Third, I would like to address public education. Although public education about foodborne illness and it’s prevention is important, too much emphasis is placed on this by industry and often government. As a consumer, I am not responsible for "cleaning up" dirty food, or cooking cow feces out of my hamburger meat. The food that my family consumes should not be contaminated to begin with. After my daughter Lindsay became ill, I became VERY educated about foodborne illness. I did everything possible to protect my family and still, we were not protected.

Tragically, 18 months after Lindsay was stricken with Hepatitis A, my oldest daughter, Sara, then 14 years-old, was poisoned with E.coli 0157:H7. She spent over two weeks in a hospital and went into the life threatening complication Hemolytic Uremic Syndrome (HUS) and went into kidney failure. She was rushed by ambulance to a children’s hospital in another city. There, she endured blood transfusions, endless pain and vomiting, bloody diarrhea, and her pancreas was severely compromised.
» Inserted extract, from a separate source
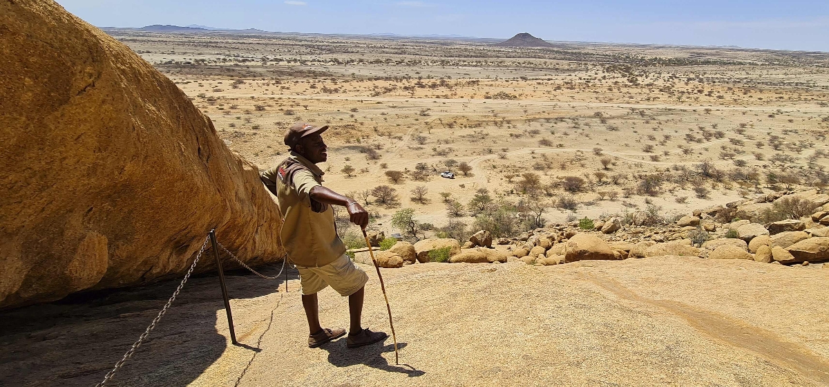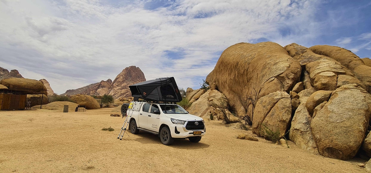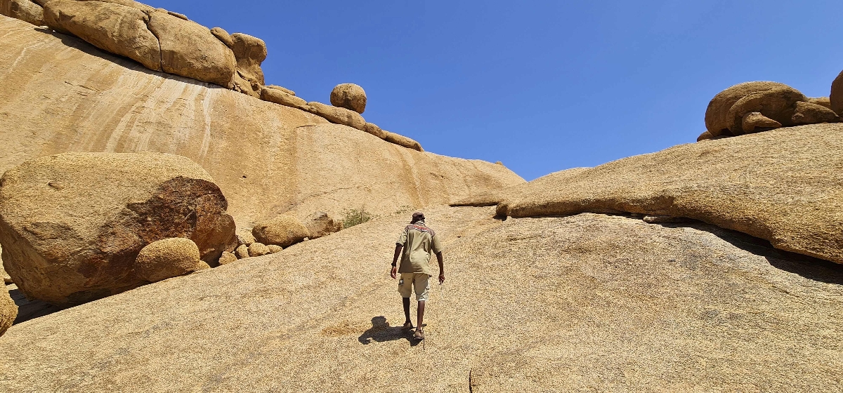 Am nächsten Tag erkunden wir mit Eddy, unseren Vor-Ort-Guide die Spitzkoppe. Fantastische Steinformationen mit Felsmalerein, entstanden vor etwa 2 bis 4 Tausend Jahren gibt es hier zu bewundern.

Again, I had to watch as another child of mine was held down by hospital personnel while needles, tubes, and various equipment was attached to her.

The team of pediatric nephrologists treating Sara were trying to prepare my husband and I for the possibility that our child might die because she was so ill. I remember sitting in the hospital in denial. Still not believing that such a thing could be happening to my family a second time. I had done everything right. I had educated myself about foodborne illness, I had become politically involved in the issue, and I had done everything in my power to protect my children. Clearly, it wasn’t enough and it did nothing to protect us from becoming victims again. Sara now has permanent kidney damage, high blood pressure and continues to see a pediatric nephrologist on a regular basis. I thank God every day that my daughter is still with us and didn’t lose her life like many victims have.
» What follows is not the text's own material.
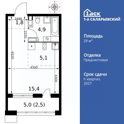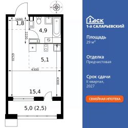 Продаётся квартира-студия номер 124 общей площадью 29.7 кв.м. на 13-м этаже 25 этажного здания. Отделка Whitebox. Цена с учётом скидки.

We were never able to trace the source of Sara’s illness. Because hundreds of people had not become ill, it was never investigated thoroughly by the local health department. Sara could have gotten sick from something I cooked, she could have gotten sick from something she ate in a restaurant, or she could have been poisoned by something served in her school lunch. We will probably never know and that is a difficult thing to live with. Incredibly, she was not important enough to even warrant an investigation. As a mother, I refuse to sit back while industry points their fingers at consumer education and somehow insinuates that I am to blame for my children getting sick, or it wasn't prevented because of something I didn't do. My children and I did nothing wrong and we are not to blame.
As a citizen, I expect public health and safety to be the paramount concern of lawmakers. The Lindsay and Sara Doneth’s of this world are not expendable in the pursuit of cheaper, less burdensome regulations. Furthermore, when the government is entering into contracts with food suppliers, the contract should not go to the lowest bidder if they aren’t also the safest bidder.
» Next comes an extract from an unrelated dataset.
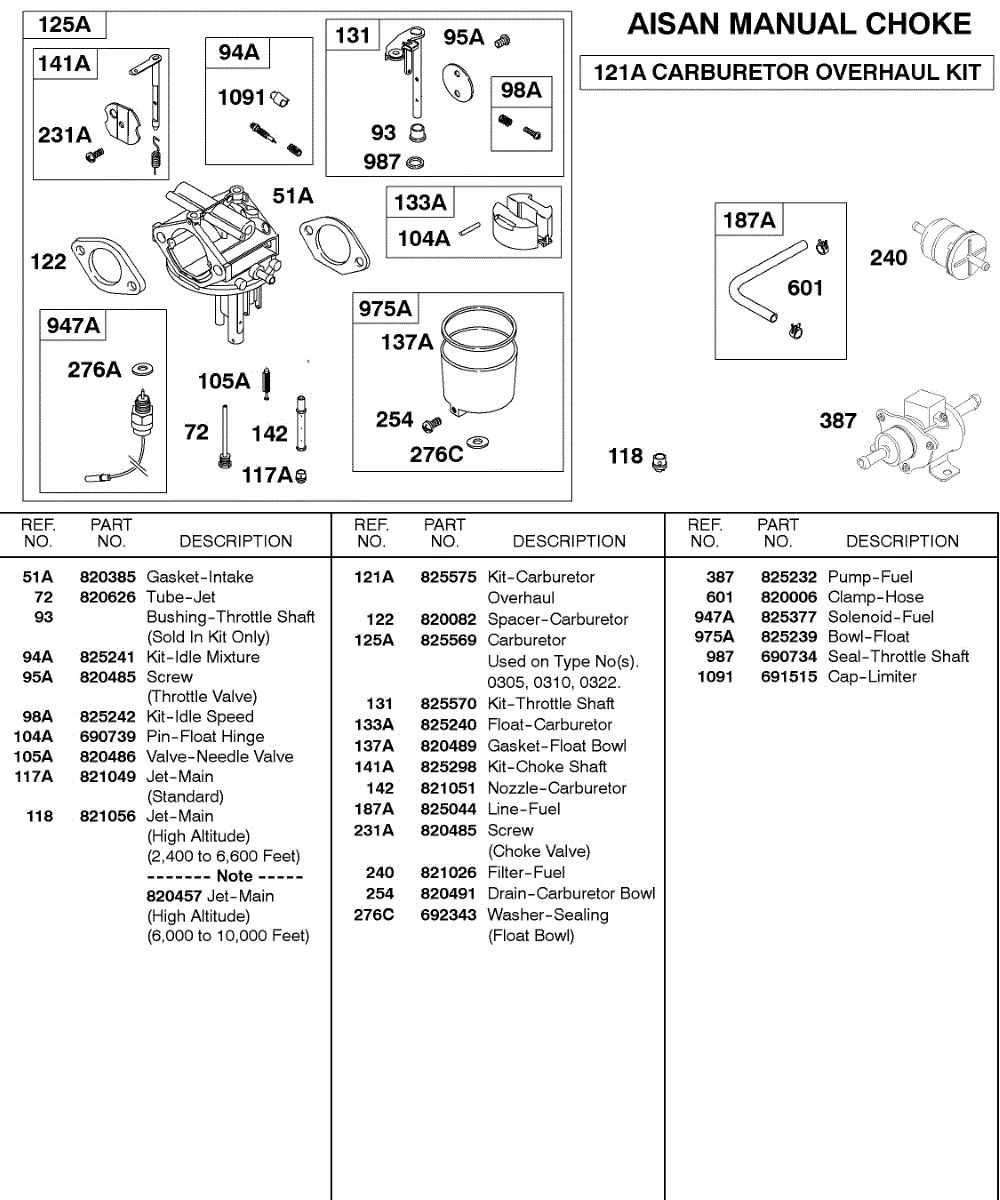 Parts for Briggs & Stratton 589447-0334-99: Aisan Manual Choke Carburetor Parts

Foodborne illness victims should be given the opportunity to tell their stories in forums such as this hearing today. It seems that participating in government as a citizen is almost impossible if one works full time and lives outside the beltway. Most foodborne illness victims and their families are average people like myself and not politicians, but nobody understands this issue better than someone who has experienced it. I hope that when you are reading your statistics and making your decisions, you will remember these statistics are not just numbers. They represent real people, many who were not as lucky as my daughters and paid for their trust in the current food safety system with their lives.

I thank the committee for allowing me to share these comments today.